Когда я еще толком не умела ходить, бабушка вешала рядом с моей кроватью какую-нибудь открытую книгу с картинками: Сутеев, Бианки, Чуковский, братья Гримм, и каждый день переворачивала страницу. Поэтому меня не покидает ощущение, что я родилась со знанием этих книг. Особенно запомнились чешские и польские стихи в пересказе Бориса Заходера. Вслух мне читали исключительно взрослые книги: Цвейга, Драйзера, Бронте, Санд, все детские я читала самостоятельно. У бабули было много зарубежной литературы: Гюго, Золя, Кронин, Диккенс, Ремарк, Фейхтвангер, мой любимый Мериме. Меня воспитывали строго по режиму: днем обязательно полагалось спать. Бабушка укладывала меня, читала вслух несколько страниц. Мне становилось скучно, и я хотела, чтобы она переключилась на что-то более понятное. Тогда она говорила: подожди, если мы еще одну страницу прочитаем, из книги посыплется золото. И это было правдой. Она трясла книгу, и из нее сыпалась золотая пыль.

— Вы много читали во время учебы в школе?

— В школу я пошла у родителей в Ленинграде. У них книг было не больше, чем у бабули, но зато все другие. Например, очень большие, в одном томе было полное собрание сочинений Некрасова. Я лежала на животе и читала все поэмы подряд. Потом я снова вернулась к бабке. В 12 лет я стала серьезно интересоваться поэзией. Моя мать работала в Парголовской библиотеке, я сообщила ей, что мне хочется читать современные стихи, и она стала присылать мне огромные бандероли с книгами всех современных поэтов, которые выходили сериями, их было очень много. Я выставляла им оценки: например, Андрей Дементьев получил жирную единицу. Он сразу показался мне подозрительно плохим поэтом. Оказывается, его книги сейчас продаются в «Буквоеде», они входят чуть ли не в топ продаж. Я отлично знаю советскую поэзию.

— Было ли что-то, что вам особенно нравилось?

— Скоро я самостоятельно вышла на начало века. В 1970 году в белорусском райцентре это было невозможно. Декаденты были запрещены, у нас о них никто не слышал — ни библиотекари, ни учителя литературы. Закрытость информации, недоступность и запрет меня очень подзадоривали. Если человеку что-то очень нужно, и он чего-то сильно хочет, он найдет лазейки и перед ним нужная дверь откроется сама, как для меня эта дверь нашлась тогда.
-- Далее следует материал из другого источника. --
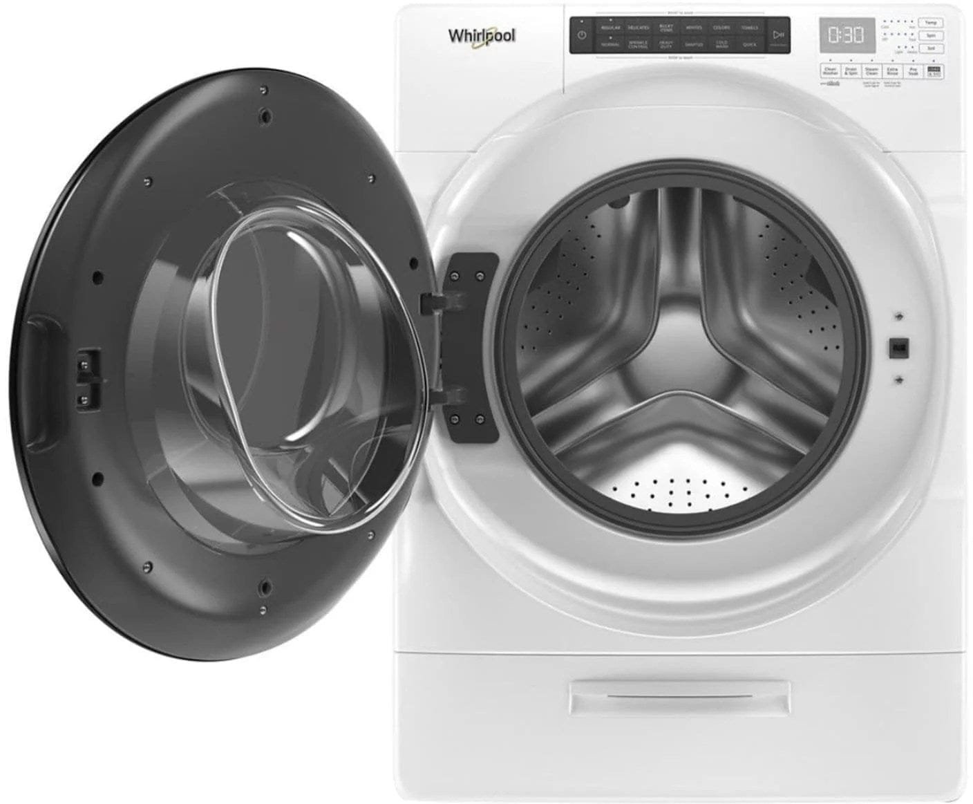 Skip adding detergent to every load with a Whirlpool closet-depth front load washing machine. The Load & Go XL dispenser holds enough laundry soap for 40 loads and automatically adds the right amount. Intuitive Controls let you create customized washing machine cycles, and the ENERGY STAR certified front load washer will even help you save on your utility bills.

В 1970-е периодически выходили толстые книги большого формата — коллективные антологии «День поэзии», вот их было полно в городской библиотеке. В конце всегда было приложение типа литературного наследия: очень мало, скупо, как-то даже исподтишка, иногда там печатались по одному-два стихотворения кого-то из декадентов. Названия Серебряный век тогда не существовало. Сейчас меня от него коробит. Я поняла, что есть не только Блок. Я жадно впитывала все, что было связано с этим запрещенным периодом. Каждое слово было на вес золота. Усваивалось все мгновенно и на всю жизнь: Мережковский, Бальмонт, Сологуб, Гумилев, Гиппиус, Лохвицкая, Гуро. Каждое стихотворение впечатывалось в мою память с одного прочтения, так значима и бесценна была для меня вся эта новая информация, это было не знакомство с поэзией, не чтение, а таинство, посвящение. Как сейчас люди, чтобы отыскать что-то особенное для себя, ходят по ссылкам с сайта на сайт, я так шла по сноскам — от одного советского издания к другому, и по крупицам — то там, то тут я находила драгоценные сведения и стихи. Так по сноскам я вышла на никому не нужные вузовские учебники. Вузов в нашем городе не было ни одного, у нас была только школа механизаторов («хабза») и ветеринарное училище. Вузовские учебники как хлам лежали горой в библиотечном хранилище, и меня туда допустили. Вот это было круто! В хрестоматии для филфака БГУ было все — все эти авторы. Роман Сологуба «Мелкий бес» я прочла в полном восторге и чуть не выучила наизусть. Даже в наши дни у меня постоянный статус на странице «Вконтакте» — цитата оттуда: «Уж и город! Какую гадость ни сделай, сейчас все свиньи о ней захрюкают».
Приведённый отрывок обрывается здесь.